Exercise details. Please transcribe all of the records precisely.

+--

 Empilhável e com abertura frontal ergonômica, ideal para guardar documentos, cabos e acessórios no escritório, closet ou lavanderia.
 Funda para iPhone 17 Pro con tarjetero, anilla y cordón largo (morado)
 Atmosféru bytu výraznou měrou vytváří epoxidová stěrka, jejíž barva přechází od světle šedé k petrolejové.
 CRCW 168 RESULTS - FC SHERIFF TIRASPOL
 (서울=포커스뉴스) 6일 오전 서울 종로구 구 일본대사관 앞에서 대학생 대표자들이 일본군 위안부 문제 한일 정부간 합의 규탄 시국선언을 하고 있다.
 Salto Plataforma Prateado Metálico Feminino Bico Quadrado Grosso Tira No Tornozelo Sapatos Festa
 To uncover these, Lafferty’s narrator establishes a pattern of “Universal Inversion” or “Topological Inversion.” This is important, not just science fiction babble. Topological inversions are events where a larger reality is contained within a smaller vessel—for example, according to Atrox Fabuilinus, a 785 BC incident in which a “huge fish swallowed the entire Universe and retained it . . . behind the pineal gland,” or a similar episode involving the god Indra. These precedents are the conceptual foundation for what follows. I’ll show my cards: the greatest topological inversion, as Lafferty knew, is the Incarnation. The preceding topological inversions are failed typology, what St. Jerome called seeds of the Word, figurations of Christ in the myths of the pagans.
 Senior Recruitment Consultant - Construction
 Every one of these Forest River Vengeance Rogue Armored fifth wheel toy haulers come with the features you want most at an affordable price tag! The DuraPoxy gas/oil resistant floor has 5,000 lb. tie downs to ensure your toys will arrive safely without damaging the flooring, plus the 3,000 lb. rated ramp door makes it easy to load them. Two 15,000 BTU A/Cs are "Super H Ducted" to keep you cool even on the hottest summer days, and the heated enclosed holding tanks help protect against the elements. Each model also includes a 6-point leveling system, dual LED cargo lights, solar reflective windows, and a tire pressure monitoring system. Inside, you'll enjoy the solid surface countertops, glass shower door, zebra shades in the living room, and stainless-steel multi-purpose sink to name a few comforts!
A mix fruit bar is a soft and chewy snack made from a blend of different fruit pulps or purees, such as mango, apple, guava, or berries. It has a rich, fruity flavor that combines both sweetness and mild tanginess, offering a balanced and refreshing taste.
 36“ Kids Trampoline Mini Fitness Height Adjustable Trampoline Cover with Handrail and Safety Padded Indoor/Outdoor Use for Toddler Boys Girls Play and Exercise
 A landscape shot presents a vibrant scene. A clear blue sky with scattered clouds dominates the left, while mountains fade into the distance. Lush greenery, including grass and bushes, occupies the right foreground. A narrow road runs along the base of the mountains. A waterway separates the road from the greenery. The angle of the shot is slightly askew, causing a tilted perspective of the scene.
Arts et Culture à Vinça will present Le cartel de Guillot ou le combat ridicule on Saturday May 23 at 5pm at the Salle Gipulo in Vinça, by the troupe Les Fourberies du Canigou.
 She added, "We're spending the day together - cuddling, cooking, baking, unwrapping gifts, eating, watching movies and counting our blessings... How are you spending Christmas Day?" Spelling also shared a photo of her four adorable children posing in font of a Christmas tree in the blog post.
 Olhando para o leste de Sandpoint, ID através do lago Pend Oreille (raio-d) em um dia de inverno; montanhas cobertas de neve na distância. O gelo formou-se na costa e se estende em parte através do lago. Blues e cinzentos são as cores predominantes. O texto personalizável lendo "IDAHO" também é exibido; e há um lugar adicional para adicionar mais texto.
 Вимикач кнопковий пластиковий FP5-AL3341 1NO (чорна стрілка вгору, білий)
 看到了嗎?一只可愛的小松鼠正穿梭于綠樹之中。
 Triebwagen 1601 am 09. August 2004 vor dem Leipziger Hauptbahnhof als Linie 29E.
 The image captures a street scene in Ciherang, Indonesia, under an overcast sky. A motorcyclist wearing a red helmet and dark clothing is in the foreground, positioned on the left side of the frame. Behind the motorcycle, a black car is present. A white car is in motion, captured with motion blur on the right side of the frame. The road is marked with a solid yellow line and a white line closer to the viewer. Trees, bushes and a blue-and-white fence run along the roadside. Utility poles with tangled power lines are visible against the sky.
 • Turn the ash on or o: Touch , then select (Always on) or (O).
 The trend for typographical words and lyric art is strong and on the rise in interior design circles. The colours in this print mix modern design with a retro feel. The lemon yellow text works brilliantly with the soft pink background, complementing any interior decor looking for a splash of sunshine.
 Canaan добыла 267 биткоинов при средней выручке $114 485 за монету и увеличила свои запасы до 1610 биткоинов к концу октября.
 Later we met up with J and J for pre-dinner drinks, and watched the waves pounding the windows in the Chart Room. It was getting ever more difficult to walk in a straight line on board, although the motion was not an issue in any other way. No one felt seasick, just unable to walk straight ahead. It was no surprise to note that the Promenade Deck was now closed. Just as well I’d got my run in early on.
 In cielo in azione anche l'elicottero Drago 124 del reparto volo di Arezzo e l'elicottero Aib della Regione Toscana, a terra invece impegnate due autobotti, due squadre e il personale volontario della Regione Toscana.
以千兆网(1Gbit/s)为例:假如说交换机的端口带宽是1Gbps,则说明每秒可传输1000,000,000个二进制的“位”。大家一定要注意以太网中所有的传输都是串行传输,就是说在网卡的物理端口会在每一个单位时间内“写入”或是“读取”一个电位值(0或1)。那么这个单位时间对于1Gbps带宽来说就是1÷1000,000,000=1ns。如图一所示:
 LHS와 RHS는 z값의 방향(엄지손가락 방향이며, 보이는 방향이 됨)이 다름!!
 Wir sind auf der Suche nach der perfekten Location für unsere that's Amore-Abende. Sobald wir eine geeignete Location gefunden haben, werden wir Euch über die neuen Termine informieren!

+--

Solved exercise.
 Empilhável e com abertura frontal ergonômica, ideal para guardar documentos, cabos e acessórios no escritório, closet ou lavanderia.
 Funda para iPhone 17 Pro con tarjetero, anilla y cordón largo (morado)
 Atmosféru bytu výraznou měrou vytváří epoxidová stěrka, jejíž barva přechází od světle šedé k petrolejové.
 CRCW 168 RESULTS - FC SHERIFF TIRASPOL
 (서울=포커스뉴스) 6일 오전 서울 종로구 구 일본대사관 앞에서 대학생 대표자들이 일본군 위안부 문제 한일 정부간 합의 규탄 시국선언을 하고 있다.
 Salto Plataforma Prateado Metálico Feminino Bico Quadrado Grosso Tira No Tornozelo Sapatos Festa
 To uncover these, Lafferty’s narrator establishes a pattern of “Universal Inversion” or “Topological Inversion.” This is important, not just science fiction babble. Topological inversions are events where a larger reality is contained within a smaller vessel—for example, according to Atrox Fabuilinus, a 785 BC incident in which a “huge fish swallowed the entire Universe and retained it . . . behind the pineal gland,” or a similar episode involving the god Indra. These precedents are the conceptual foundation for what follows. I’ll show my cards: the greatest topological inversion, as Lafferty knew, is the Incarnation. The preceding topological inversions are failed typology, what St. Jerome called seeds of the Word, figurations of Christ in the myths of the pagans.
 Senior Recruitment Consultant - Construction
 Every one of these Forest River Vengeance Rogue Armored fifth wheel toy haulers come with the features you want most at an affordable price tag! The DuraPoxy gas/oil resistant floor has 5,000 lb. tie downs to ensure your toys will arrive safely without damaging the flooring, plus the 3,000 lb. rated ramp door makes it easy to load them. Two 15,000 BTU A/Cs are "Super H Ducted" to keep you cool even on the hottest summer days, and the heated enclosed holding tanks help protect against the elements. Each model also includes a 6-point leveling system, dual LED cargo lights, solar reflective windows, and a tire pressure monitoring system. Inside, you'll enjoy the solid surface countertops, glass shower door, zebra shades in the living room, and stainless-steel multi-purpose sink to name a few comforts!
A mix fruit bar is a soft and chewy snack made from a blend of different fruit pulps or purees, such as mango, apple, guava, or berries. It has a rich, fruity flavor that combines both sweetness and mild tanginess, offering a balanced and refreshing taste.
 36“ Kids Trampoline Mini Fitness Height Adjustable Trampoline Cover with Handrail and Safety Padded Indoor/Outdoor Use for Toddler Boys Girls Play and Exercise
 A landscape shot presents a vibrant scene. A clear blue sky with scattered clouds dominates the left, while mountains fade into the distance. Lush greenery, including grass and bushes, occupies the right foreground. A narrow road runs along the base of the mountains. A waterway separates the road from the greenery. The angle of the shot is slightly askew, causing a tilted perspective of the scene.
Arts et Culture à Vinça will present Le cartel de Guillot ou le combat ridicule on Saturday May 23 at 5pm at the Salle Gipulo in Vinça, by the troupe Les Fourberies du Canigou.
 She added, "We're spending the day together - cuddling, cooking, baking, unwrapping gifts, eating, watching movies and counting our blessings... How are you spending Christmas Day?" Spelling also shared a photo of her four adorable children posing in font of a Christmas tree in the blog post.
 Olhando para o leste de Sandpoint, ID através do lago Pend Oreille (raio-d) em um dia de inverno; montanhas cobertas de neve na distância. O gelo formou-se na costa e se estende em parte através do lago. Blues e cinzentos são as cores predominantes. O texto personalizável lendo "IDAHO" também é exibido; e há um lugar adicional para adicionar mais texto.
 Вимикач кнопковий пластиковий FP5-AL3341 1NO (чорна стрілка вгору, білий)
 看到了嗎?一只可愛的小松鼠正穿梭于綠樹之中。
 Triebwagen 1601 am 09. August 2004 vor dem Leipziger Hauptbahnhof als Linie 29E.
 The image captures a street scene in Ciherang, Indonesia, under an overcast sky. A motorcyclist wearing a red helmet and dark clothing is in the foreground, positioned on the left side of the frame. Behind the motorcycle, a black car is present. A white car is in motion, captured with motion blur on the right side of the frame. The road is marked with a solid yellow line and a white line closer to the viewer. Trees, bushes and a blue-and-white fence run along the roadside. Utility poles with tangled power lines are visible against the sky.
 • Turn the ash on or o: Touch , then select (Always on) or (O).
 The trend for typographical words and lyric art is strong and on the rise in interior design circles. The colours in this print mix modern design with a retro feel. The lemon yellow text works brilliantly with the soft pink background, complementing any interior decor looking for a splash of sunshine.
 Canaan добыла 267 биткоинов при средней выручке $114 485 за монету и увеличила свои запасы до 1610 биткоинов к концу октября.
 Later we met up with J and J for pre-dinner drinks, and watched the waves pounding the windows in the Chart Room. It was getting ever more difficult to walk in a straight line on board, although the motion was not an issue in any other way. No one felt seasick, just unable to walk straight ahead. It was no surprise to note that the Promenade Deck was now closed. Just as well I’d got my run in early on.
 In cielo in azione anche l'elicottero Drago 124 del reparto volo di Arezzo e l'elicottero Aib della Regione Toscana, a terra invece impegnate due autobotti, due squadre e il personale volontario della Regione Toscana.
以千兆网(1Gbit/s)为例:假如说交换机的端口带宽是1Gbps,则说明每秒可传输1000,000,000个二进制的“位”。大家一定要注意以太网中所有的传输都是串行传输,就是说在网卡的物理端口会在每一个单位时间内“写入”或是“读取”一个电位值(0或1)。那么这个单位时间对于1Gbps带宽来说就是1÷1000,000,000=1ns。如图一所示:
 LHS와 RHS는 z값의 방향(엄지손가락 방향이며, 보이는 방향이 됨)이 다름!!
 Wir sind auf der Suche nach der perfekten Location für unsere that's Amore-Abende. Sobald wir eine geeignete Location gefunden haben, werden wir Euch über die neuen Termine informieren!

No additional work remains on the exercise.